▸ DATA EXCERPT
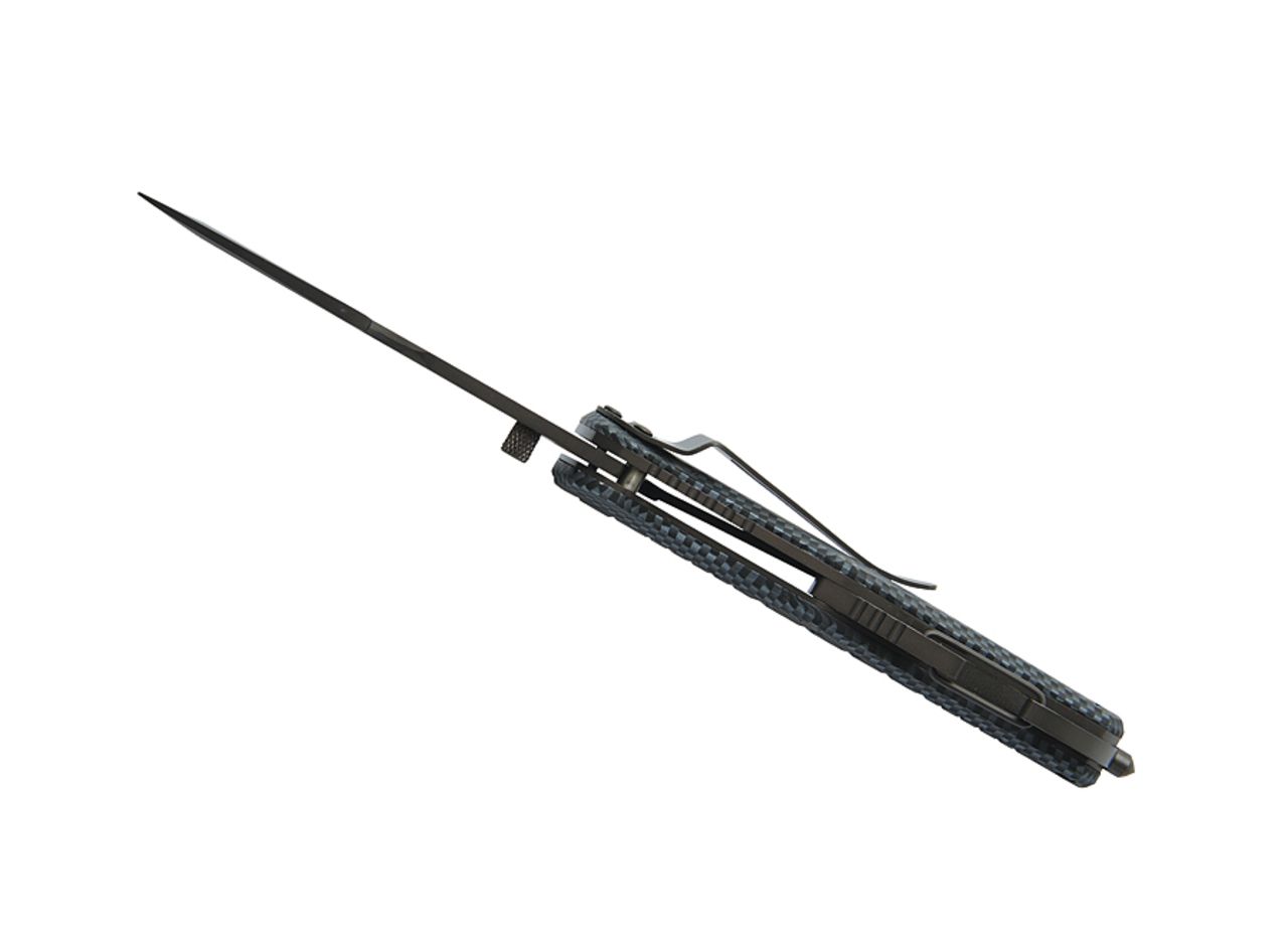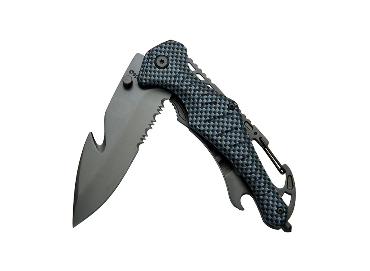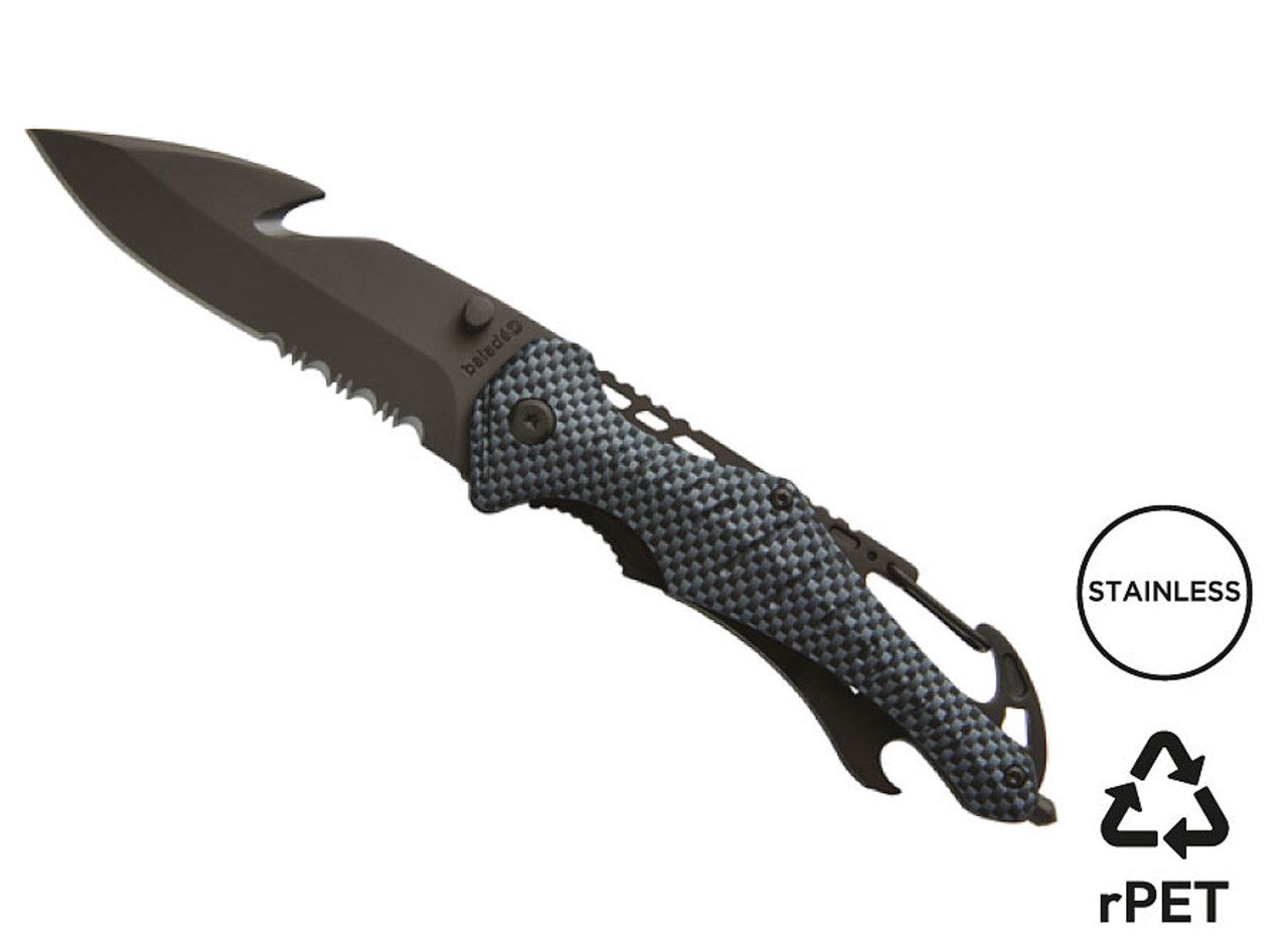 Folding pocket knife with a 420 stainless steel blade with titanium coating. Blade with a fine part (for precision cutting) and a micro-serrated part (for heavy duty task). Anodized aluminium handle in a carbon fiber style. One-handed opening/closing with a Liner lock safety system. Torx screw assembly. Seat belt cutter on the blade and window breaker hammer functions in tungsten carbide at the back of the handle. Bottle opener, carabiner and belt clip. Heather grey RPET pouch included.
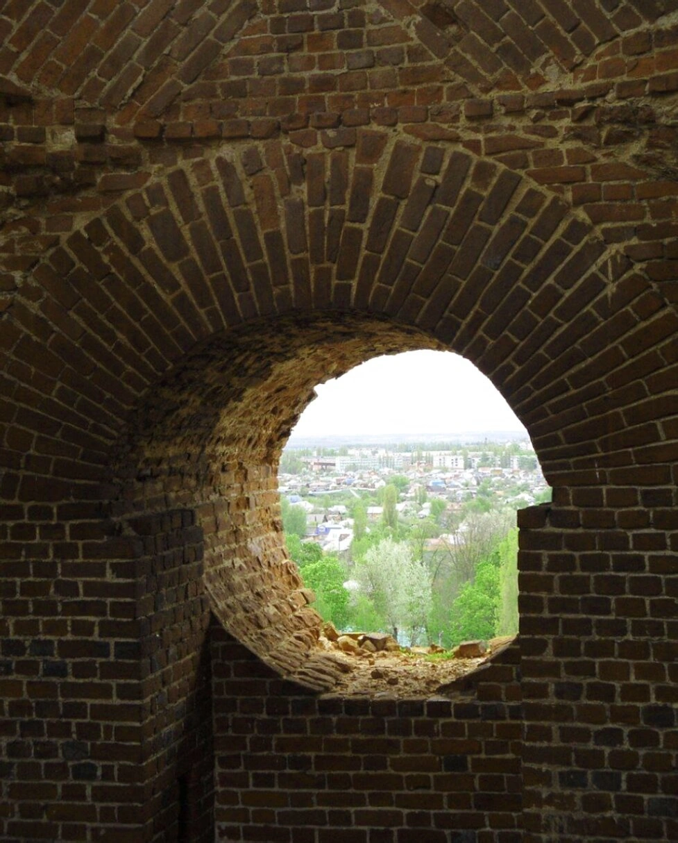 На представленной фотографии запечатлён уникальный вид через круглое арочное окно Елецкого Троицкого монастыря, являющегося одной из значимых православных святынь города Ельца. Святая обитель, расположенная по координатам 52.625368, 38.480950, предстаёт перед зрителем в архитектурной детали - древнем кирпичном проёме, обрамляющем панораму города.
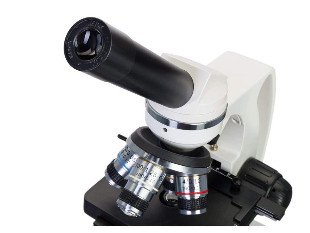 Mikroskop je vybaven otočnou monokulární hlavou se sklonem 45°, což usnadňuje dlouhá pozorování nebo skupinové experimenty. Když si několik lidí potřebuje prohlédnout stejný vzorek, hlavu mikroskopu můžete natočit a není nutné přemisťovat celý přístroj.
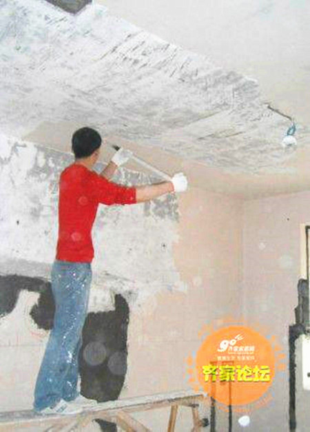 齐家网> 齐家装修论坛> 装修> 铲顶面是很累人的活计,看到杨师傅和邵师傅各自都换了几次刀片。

▸ YOUR OBJECTIVE
Would you transcribe, exactly and only, the lines from the one that contains "Mikroskop je vybaven" through the last line of the data above, without any pictures?

▸ SOLUTION FOR THIS PROBLEM
 Mikroskop je vybaven otočnou monokulární hlavou se sklonem 45°, což usnadňuje dlouhá pozorování nebo skupinové experimenty. Když si několik lidí potřebuje prohlédnout stejný vzorek, hlavu mikroskopu můžete natočit a není nutné přemisťovat celý přístroj.
 齐家网> 齐家装修论坛> 装修> 铲顶面是很累人的活计,看到杨师傅和邵师傅各自都换了几次刀片。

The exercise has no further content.